EXTRACTED RECORDS —
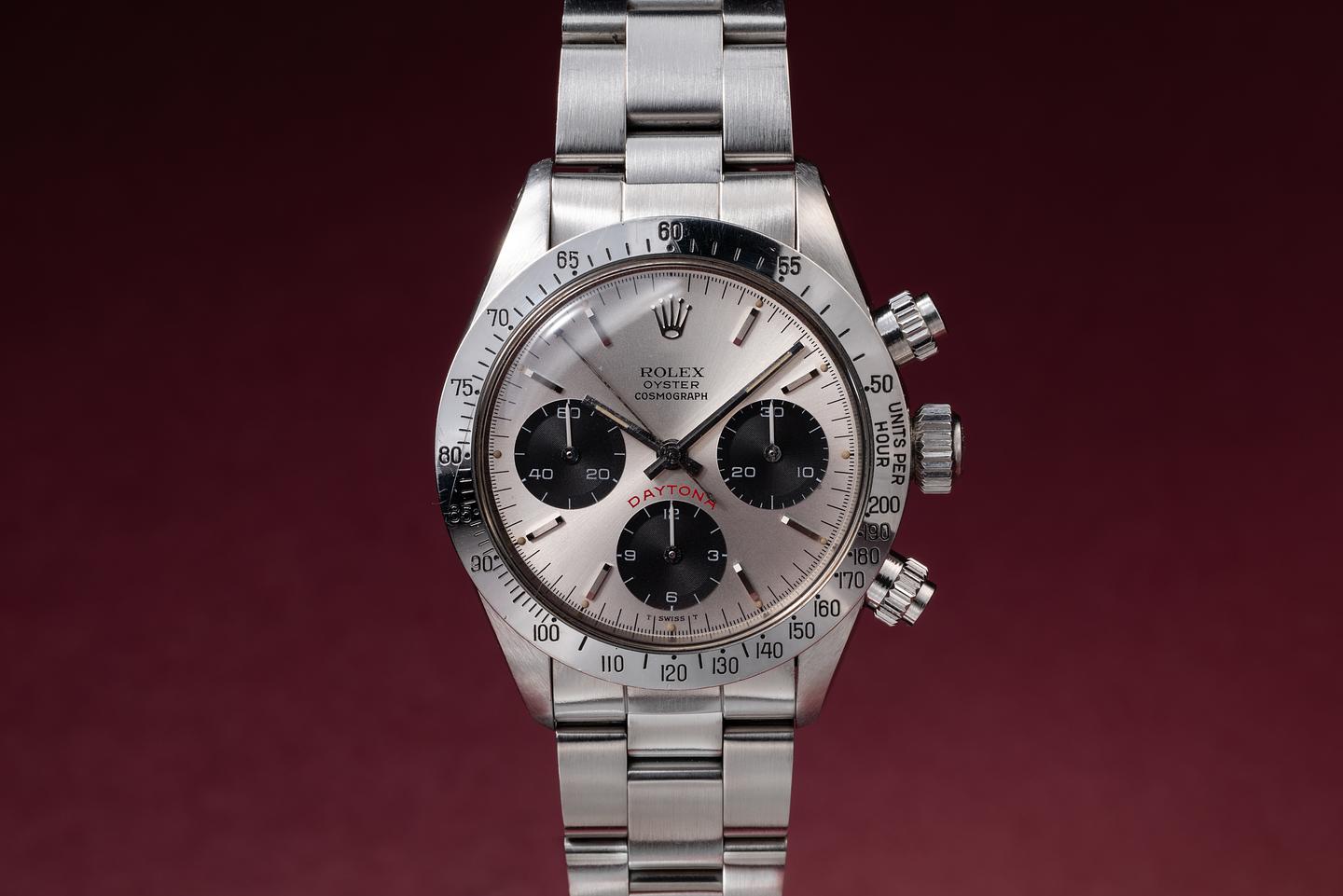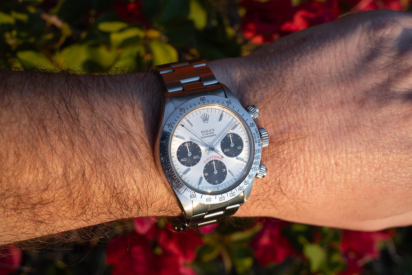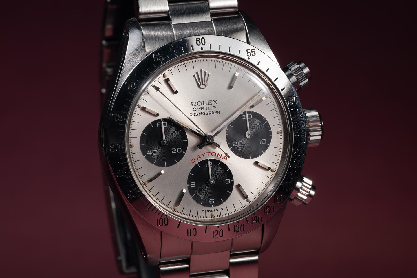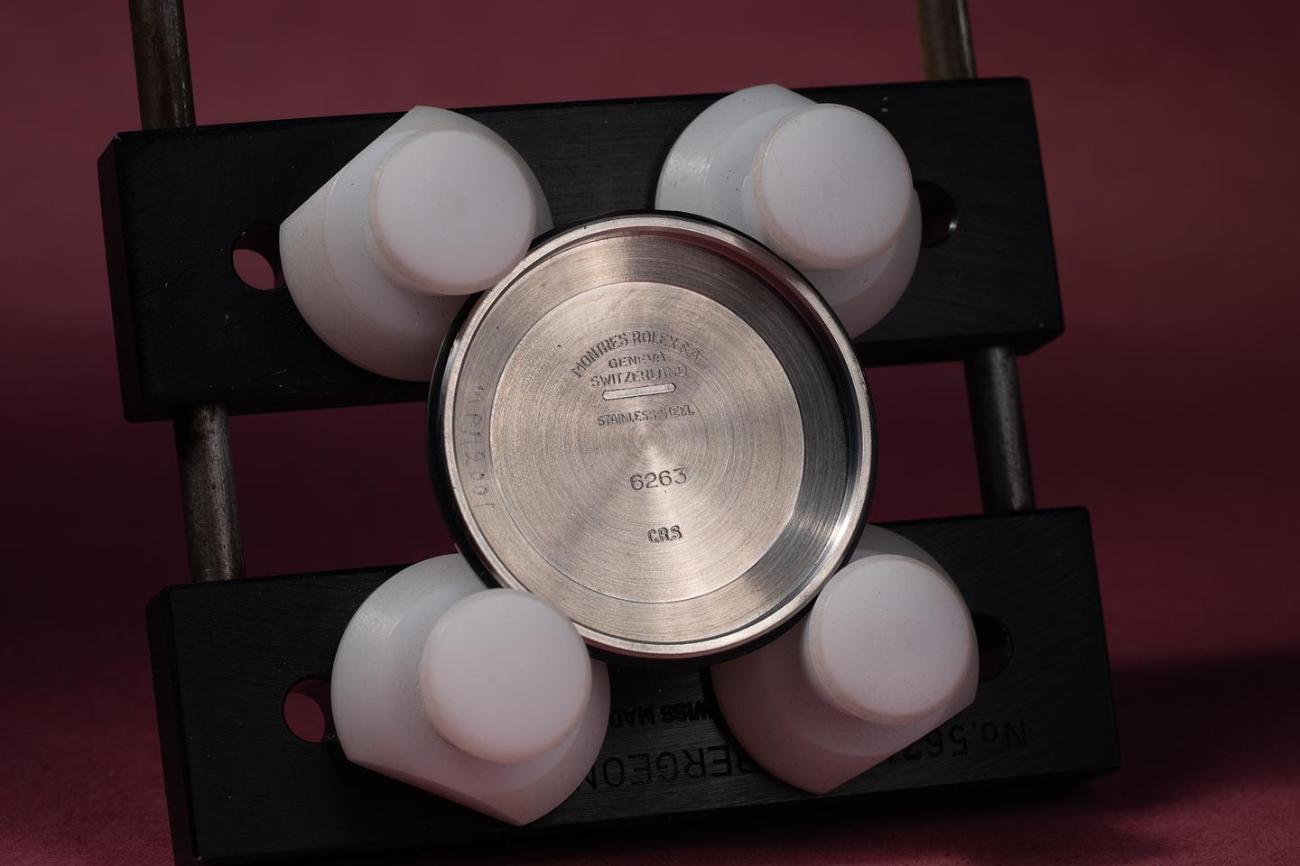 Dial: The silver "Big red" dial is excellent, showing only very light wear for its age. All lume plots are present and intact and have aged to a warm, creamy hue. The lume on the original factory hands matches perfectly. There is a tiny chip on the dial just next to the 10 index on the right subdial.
--
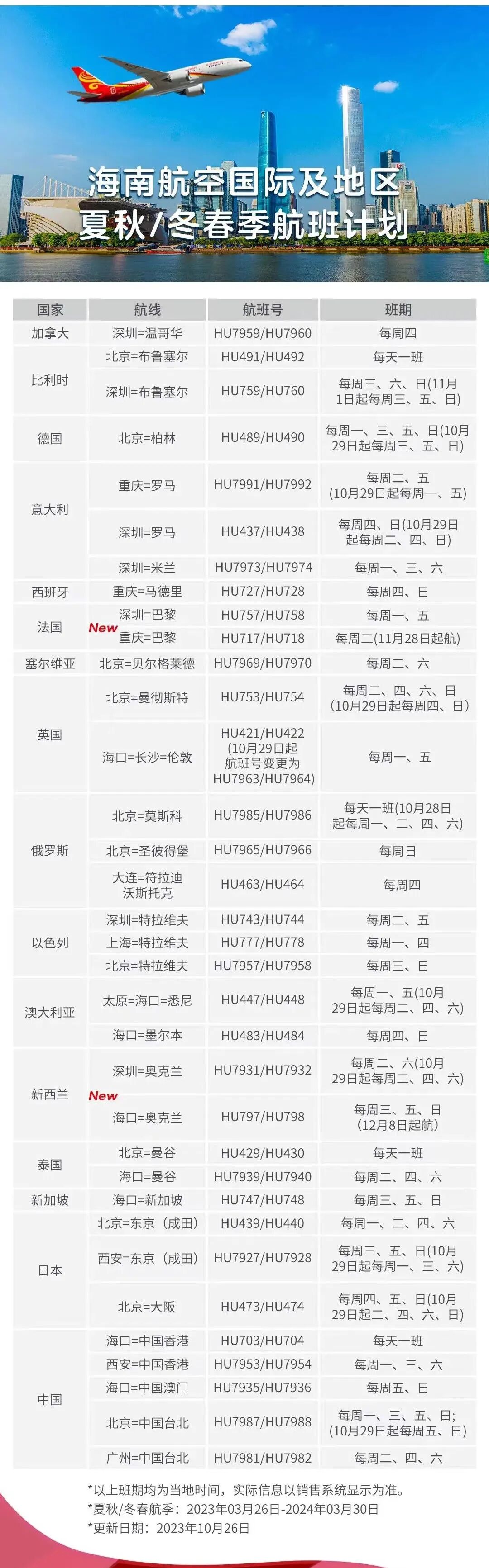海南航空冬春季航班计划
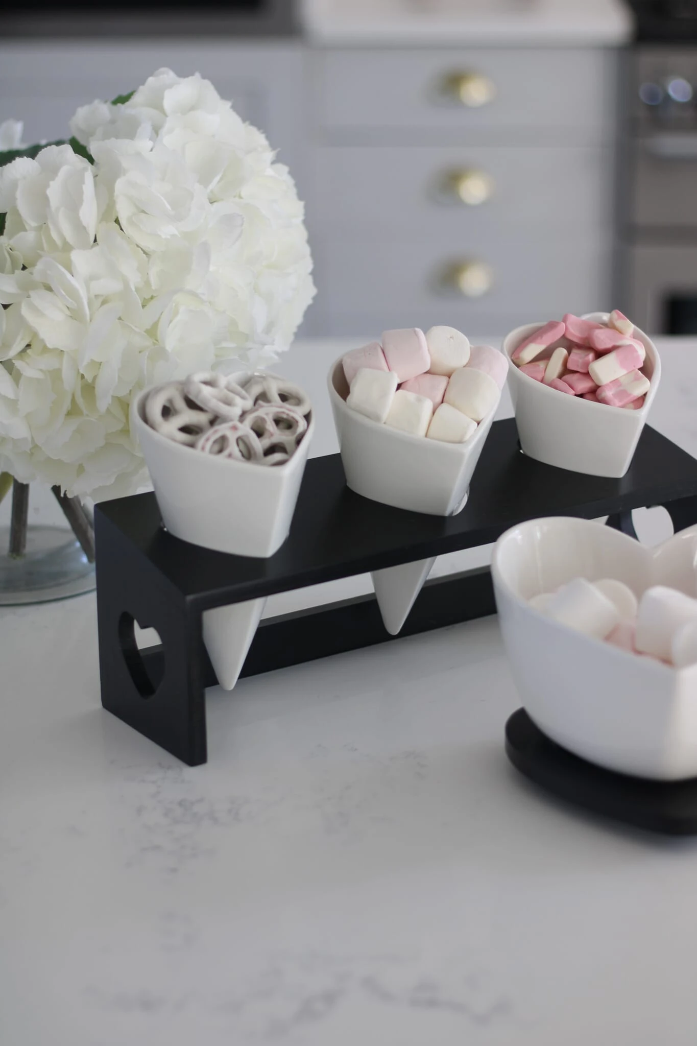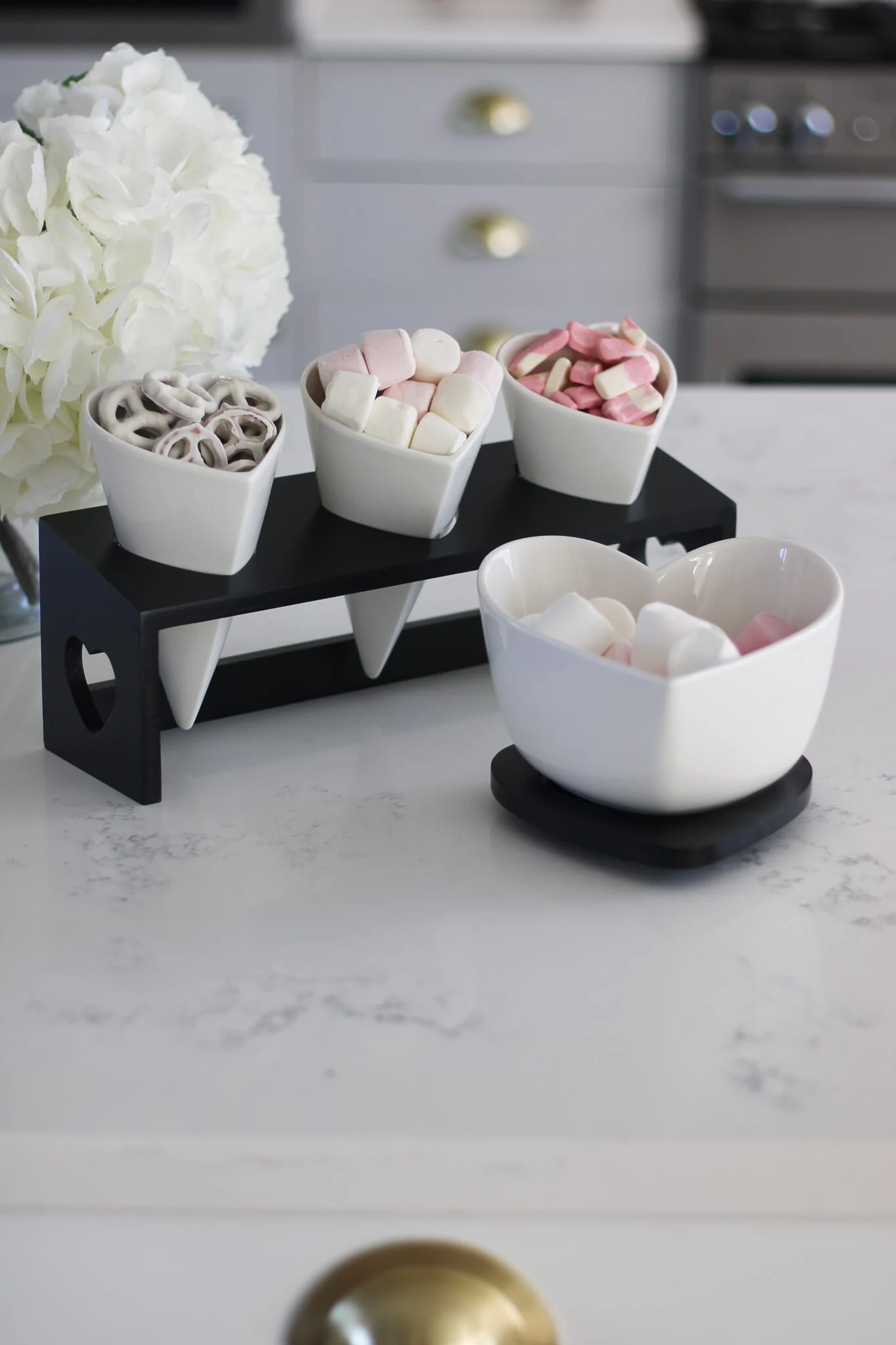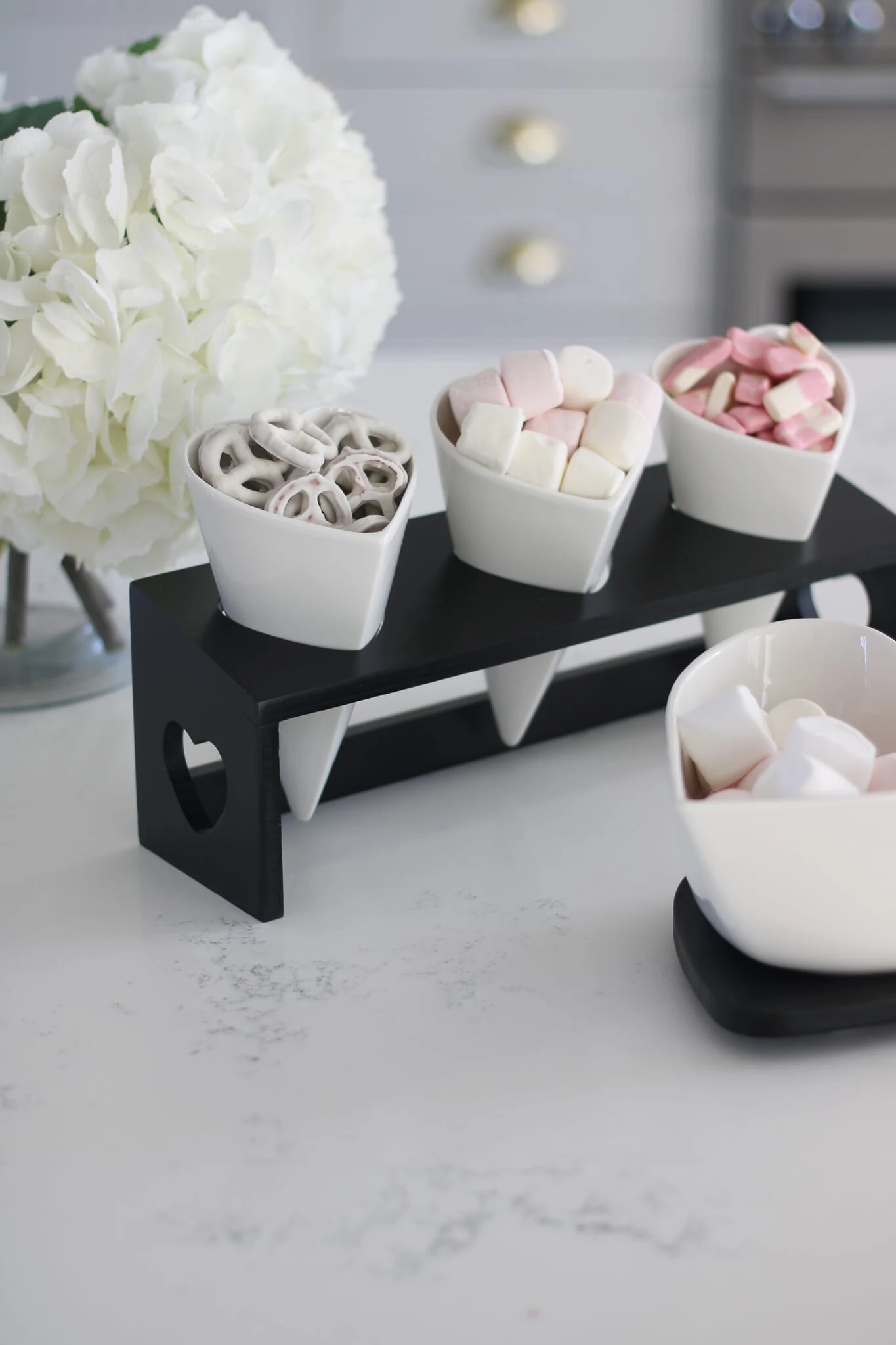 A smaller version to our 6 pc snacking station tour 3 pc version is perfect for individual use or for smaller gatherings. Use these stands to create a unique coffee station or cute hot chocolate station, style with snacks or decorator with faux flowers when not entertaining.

TASK ITEM — Give again the lines of the listing above that run from the one with "海南航空冬春季航班计划" up to and including the one with "A smaller version". Keep them exact and omit the pictures.

WRITTEN RESPONSE —
海南航空冬春季航班计划
 A smaller version to our 6 pc snacking station tour 3 pc version is perfect for individual use or for smaller gatherings. Use these stands to create a unique coffee station or cute hot chocolate station, style with snacks or decorator with faux flowers when not entertaining.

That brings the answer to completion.